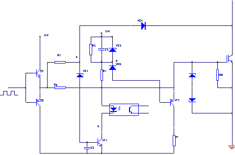 正常工作時(shí),因故障檢測(cè)二極管VD1的導(dǎo)通,將a點(diǎn)的電壓鉗位在穩(wěn)壓二極管VZ1的擊穿電壓以下,晶體管VT1始終保持截止?fàn)顟B(tài)。當(dāng)電路發(fā)生過流或短路故障時(shí),V1上的uce上升,a電壓隨之上升,到一定值時(shí),VZ1擊穿,VT1通,b點(diǎn)電壓下降,電容C1通過電阻R1充電,電容電壓從零開始上升,當(dāng)電容電壓上升約1.4V時(shí),晶體管VT2開通,柵極電壓uge隨電容電壓的上升而下降,通過調(diào)節(jié)C1的數(shù)值,可控制電容的充電速度,進(jìn)而控制uge的下降速度;當(dāng)電容電壓上升到穩(wěn)壓二極管VZ2的擊穿電壓時(shí),VZ2擊穿,uge被鉗位在一固定的數(shù)值上,慢降柵壓過程結(jié)束,同時(shí)驅(qū)動(dòng)電路通過光耦輸出過流信號(hào)傳送至單片機(jī),此時(shí)單片機(jī)發(fā)出聲光報(bào)警并開始運(yùn)行延時(shí)程序。如果在單片機(jī)的延時(shí)過程中,故障信號(hào)消失了,則a點(diǎn)電壓降低, VT1恢復(fù)載止,C1通過R2放電,d點(diǎn)電壓升高,VT2也恢復(fù)截止,uge上升,電路恢復(fù)正常工作狀態(tài),單片機(jī)自動(dòng)進(jìn)行復(fù)位。如果單片機(jī)在延時(shí)結(jié)束后,故障信號(hào)仍存在則由單片機(jī)切斷所有IGBT的輸入脈沖,設(shè)備停止工作,此時(shí)要通過手動(dòng)復(fù)位才能恢復(fù)正常工作。這種電路既能保護(hù)逆變電路和IGBT的安全,又不會(huì)在瞬時(shí)過流時(shí)中斷逆變電源工作所以是一種非常有效的保護(hù)方式。
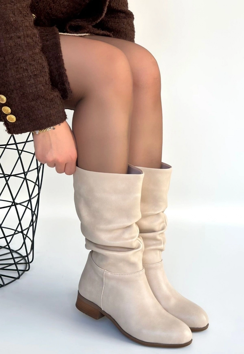 • Plod Bej Cilt Körüklü Çizme
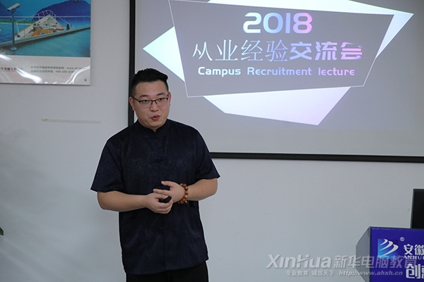 安徽新华电脑专修学院创就业指导中心学生就业指导课面授厅。学院14年电子商务专业毕业的杰出校友杨志龙给学弟学妹们分享自己的就业、创业经历。
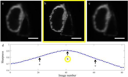 Fig. 7 Autofocusing experiment using sharpness metric of Equation 5 on an ex-vivo 4 dpf Zebrafish embryo’s heart (using setup 1). In this illustration, eighty-one images of the same plane inside the sample were taken using the SLM to move the sheet to different positions with respect to the imaging objective, and the motorized stage to move the sample with the light-sheet (with steps of 0.5 µm, for a total range of 40 µm). (a) and (c) show images taken with the light-sheet in an out-of-focus plane, while (b) is the image identified as the one with best focus according to the sharpness metric (i.e. light-sheet at the correct distance from the imaging objective). (d) Sharpness values, one for each image, with highest value indicating the plane of best focus. Note that in practice a smaller number of images would be taken, and the sharpness interpolated using an appropriate function, to quickly find the optimum focus. Scale bars: 50 µm.
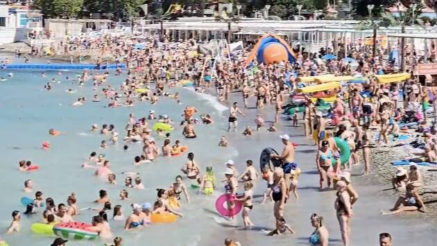 Переполненные туристами пляжи российского курорта попали на видео
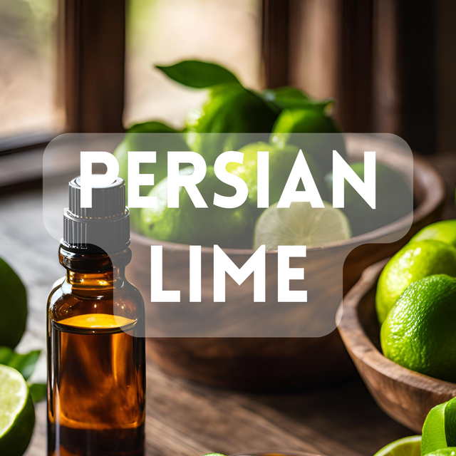 Cold-Pressed Persian Lime Essential Oil, an essential oil sourced from Mexico, extracted by cold-pressing fresh lime peels. It is dark green in colour and has the characteristic, strong, sweet-tart aroma of fresh limes.
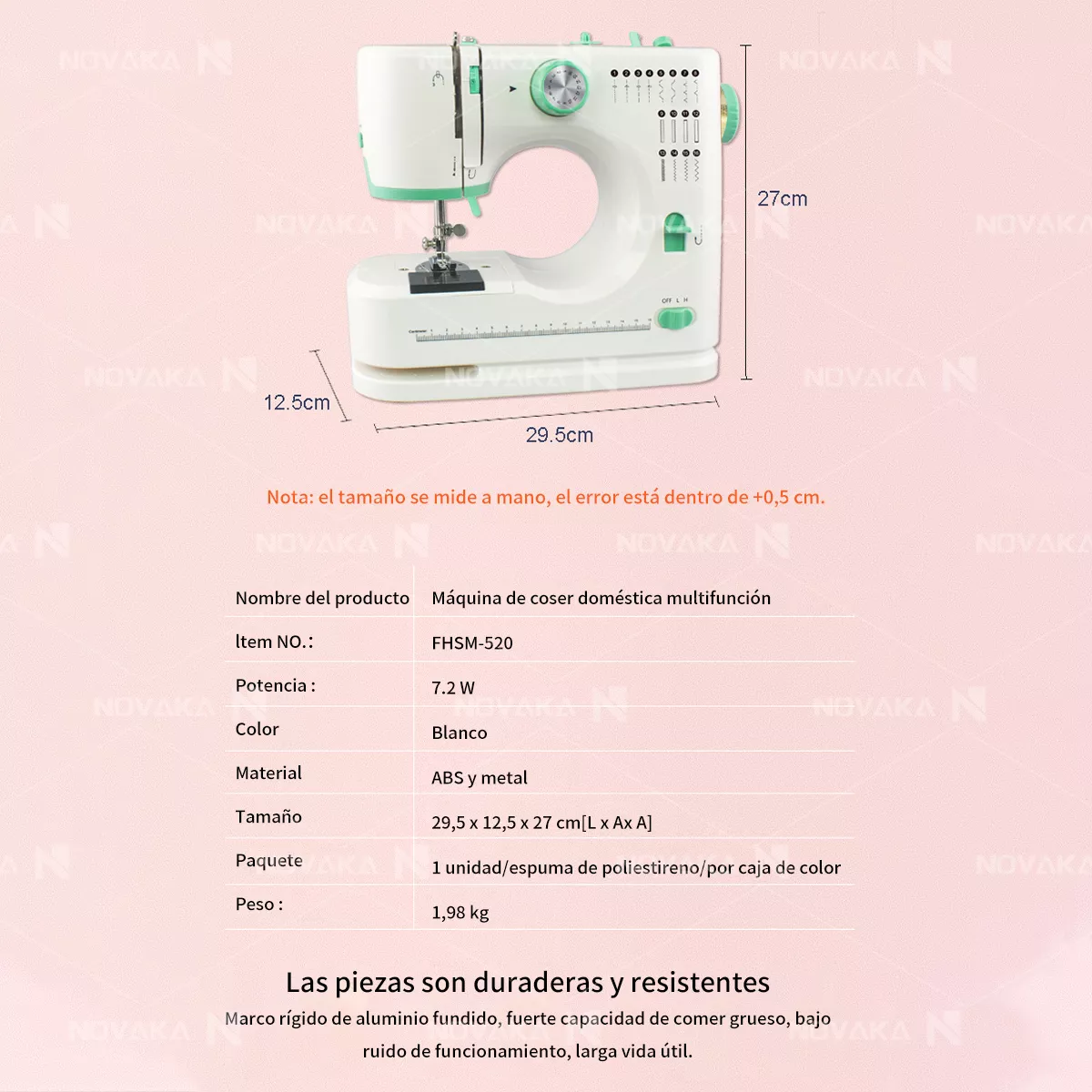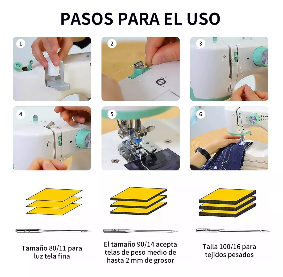 - Máx grosor de costura: 3mm, puede coser 8 capas de mezclilla fina.

****************************************

• **Task goal**: Exactly the lines from the one holding "Cilt Körüklü Çizme" to the last line of the records above should be duplicated, with no pictures among them.

• **Result of the exercise**:
 • Plod Bej Cilt Körüklü Çizme
 安徽新华电脑专修学院创就业指导中心学生就业指导课面授厅。学院14年电子商务专业毕业的杰出校友杨志龙给学弟学妹们分享自己的就业、创业经历。
 Fig. 7 Autofocusing experiment using sharpness metric of Equation 5 on an ex-vivo 4 dpf Zebrafish embryo’s heart (using setup 1). In this illustration, eighty-one images of the same plane inside the sample were taken using the SLM to move the sheet to different positions with respect to the imaging objective, and the motorized stage to move the sample with the light-sheet (with steps of 0.5 µm, for a total range of 40 µm). (a) and (c) show images taken with the light-sheet in an out-of-focus plane, while (b) is the image identified as the one with best focus according to the sharpness metric (i.e. light-sheet at the correct distance from the imaging objective). (d) Sharpness values, one for each image, with highest value indicating the plane of best focus. Note that in practice a smaller number of images would be taken, and the sharpness interpolated using an appropriate function, to quickly find the optimum focus. Scale bars: 50 µm.
 Переполненные туристами пляжи российского курорта попали на видео
 Cold-Pressed Persian Lime Essential Oil, an essential oil sourced from Mexico, extracted by cold-pressing fresh lime peels. It is dark green in colour and has the characteristic, strong, sweet-tart aroma of fresh limes.
 - Máx grosor de costura: 3mm, puede coser 8 capas de mezclilla fina.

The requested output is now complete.